* _Information provided_

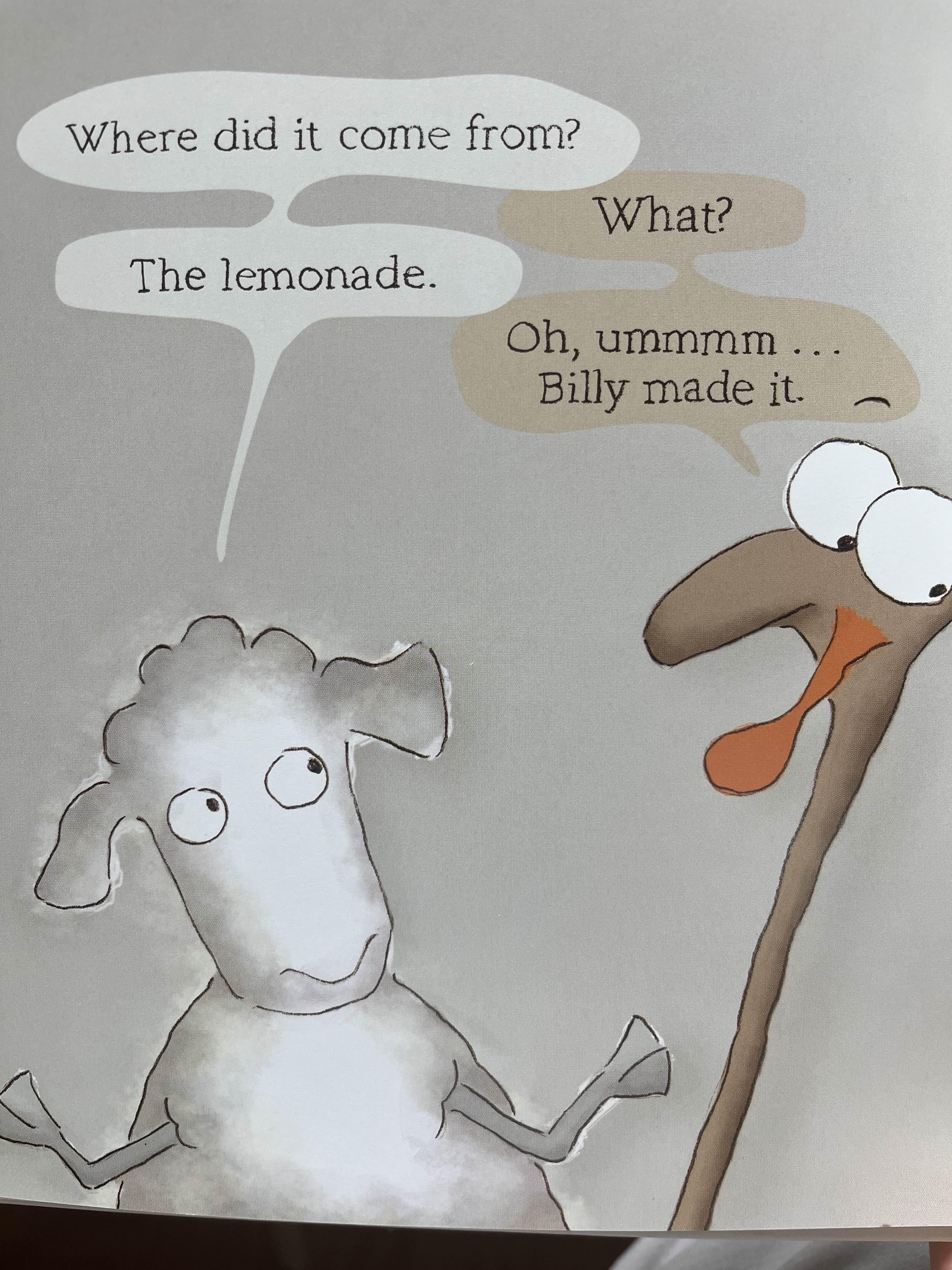 칠면조는 레모네이드를 들고 Baa Baa에게 접근합니다. Baa Baa는 칠면조가 들고 있는 컵의 정체를 궁금해하죠. 칠면조는 복수를 꿈꾸며 엉큼하게도 이 컵에 들어있는 음료수는 염소 빌리가 착즙한 레모네이드라고 거짓말을 합니다. 물론 빌리가 만들어 낸 것은 맞습니다. 레모네이드와 비슷한 다른 것이지만요 :)
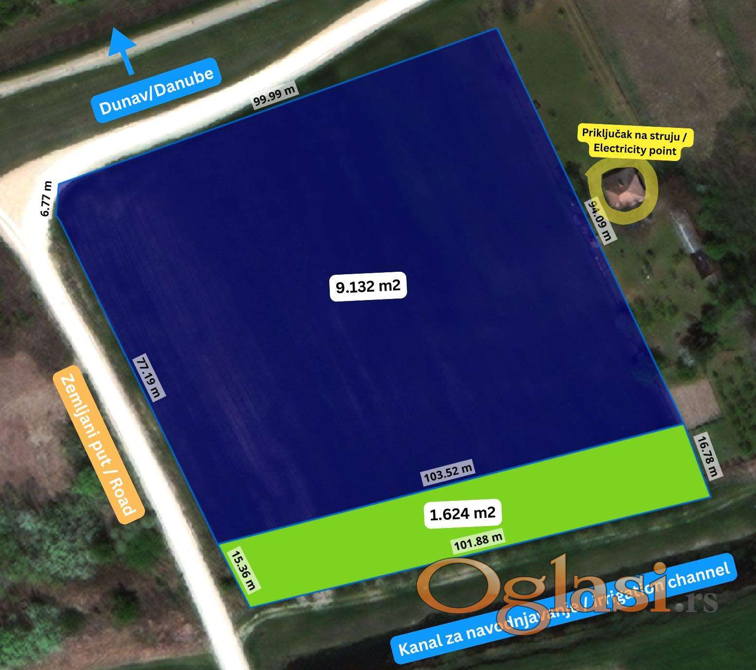 - Zelena površina (slika 2) 1.624 m2 - ovaj deo formalno gledano nije vlasništvo vlasnika ali se trenutno koristi tj obrađuje, pripada zaštitnom pojasu oko kanala za navodljavanje i u ovom delu nije dozvoljena gradnja
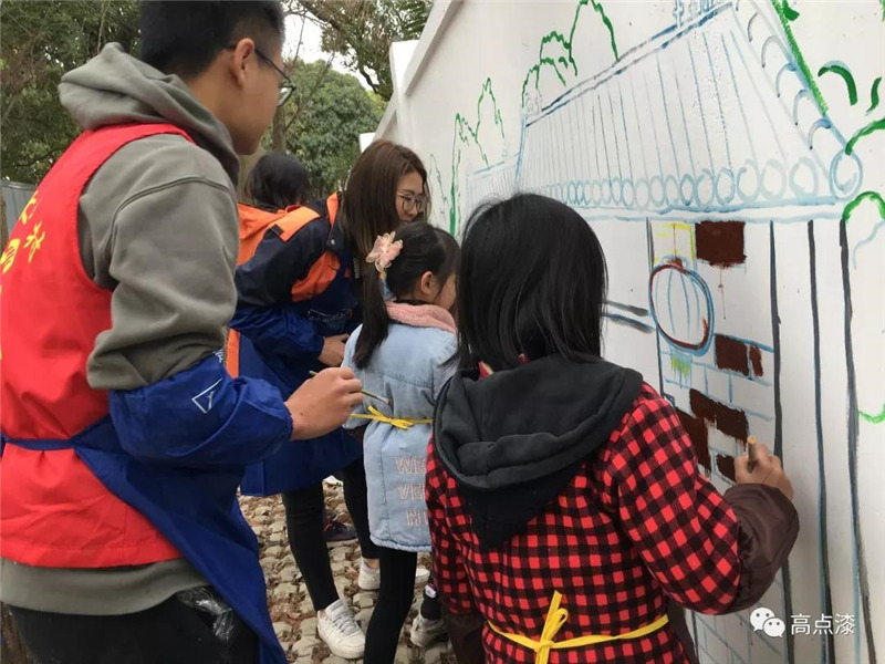 活动现场气氛热烈而融洽,志愿者和高点漆的员工们分工明确:颜料调配、涂色、补色,一切都显得井然有序,原本简单的墙面在大家的共同协作下瞬间变得生动起来,焕然一新,让人赏心悦目。
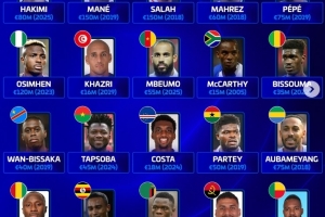 以下為非洲各國(guó)歷史身價(jià)最高球員具體身價(jià)情況:

* _Work instruction_
Every line from the one with "活动现场气氛热烈而融洽,志愿" through the last line of the material gets printed exactly, and nothing more. Omit the pictures.

* _Answer section_
 活动现场气氛热烈而融洽,志愿者和高点漆的员工们分工明确:颜料调配、涂色、补色,一切都显得井然有序,原本简单的墙面在大家的共同协作下瞬间变得生动起来,焕然一新,让人赏心悦目。
 以下為非洲各國(guó)歷史身價(jià)最高球員具體身價(jià)情況:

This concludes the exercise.